American professor of nursing

Vincent Salyers is an American professor of nursing. He is best known for his contributions to intersections between technology, curriculum design, clinical practice and inter-professional education.

Salyers earned his BS in psychology and his MS in nursing at San Francisco State University, and he earned his doctorate from the University of San Francisco.

Prior to joining the faculty at Gonzaga University, where he was the Dean of the School of Nursing and Human Physiology, Salyers was the inaugural dean of the Faculty of Nursing at MacEwan University. Salyers held previous positions on the faculty and administration of a number of universities in the United States and Canada including as associate dean of the Faculty of Health, Community & Education at Mount Royal University in Calgary.
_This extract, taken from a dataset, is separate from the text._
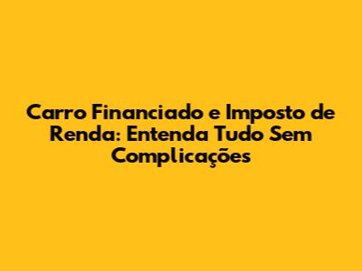 Carro Financiado E Imposto De Renda: Guia Completo E Sem Mistérios

In 2014, Salyers was inducted as a Fellow of the Academy of Nursing Education of the National League for Nursing, and in 2019, he was inducted as a Fellow of the American Academy of Nursing.

In 2023, Salyers was appointed as the Dean of Nursing for the East Hartford, CT campus of Arizona College of Nursing.

In 2025, Mercy College of Health Sciences announced the appointment of Dr. Salyers as the first dean of the newly established Joyce E. Lillis School of Nursing. With over 30 years of experience in academic and clinical settings, Salyers is recognized nationally for his contributions to nursing education, academic innovation, and global health engagement.